The most recent death was that of Alberto Gutiérrez Reyes, who died at the Victor Valley Global Medical Center in the city of Victorville at 12:58 a.m., less than hour after midnight on Friday, February 27. He had been transported there the previous day from the Adelanto Detention Center after collapsing and losing consciousness. hours earlier in the hospital where he was transferred after losing consciousness at the Adelanto Detention Center.
“My husband died due to medical negligence. For days he was asking for help and they never paid any attention to him,” said Martinez, her voice breaking.
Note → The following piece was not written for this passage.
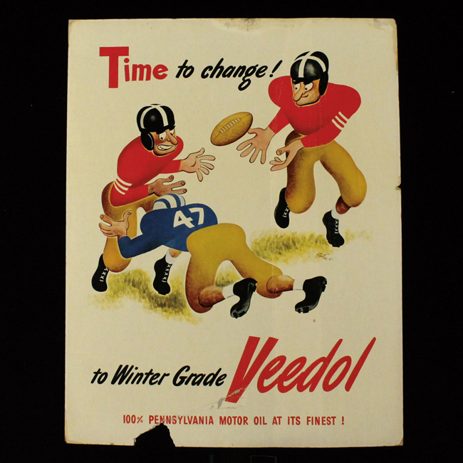 Description:Veedol motor oil vintage football themed advertising display c.1940s-50s (VG). 22"x28" cardboard stock advertising display with central football player action scene. Wear at top edge including a small tear and toning, with similar wear at upper right corner. Lower edge has chip and large tear, with some creasing. If framed for display only some damage would remain visible: VG

Gutiérrez, born in Veracruz, Mexico, emigrated to the United States in 2001, and had never registered with the U.S. government as a tourist or alien employed in the country. He had no visa, no work permit nor a green card. He had lived primarily in the Los Angeles area, working under the table and undetected by authorities in the construction industry.
Gutiérrez was arrested by Immigration and Customs Enforcement agents on January 9, 2025 in the Echo Park District of Central Los Angeles in what was a predominantly Latino neighborhood.
Gutiérrez, 48, was with his wife, Patricia Martinez, going to a restaurant for breakfast that Friday morning when the couple was spotted by a roving team of Immigration and Customs Enforcement agents at 10:44 a.m. When the uniformed agents passed near him, Gutiérrez bolted. The agents gave chase and arrested him, taking him to the ground as they did so, injuring his arm, knee and banging his head on the concrete.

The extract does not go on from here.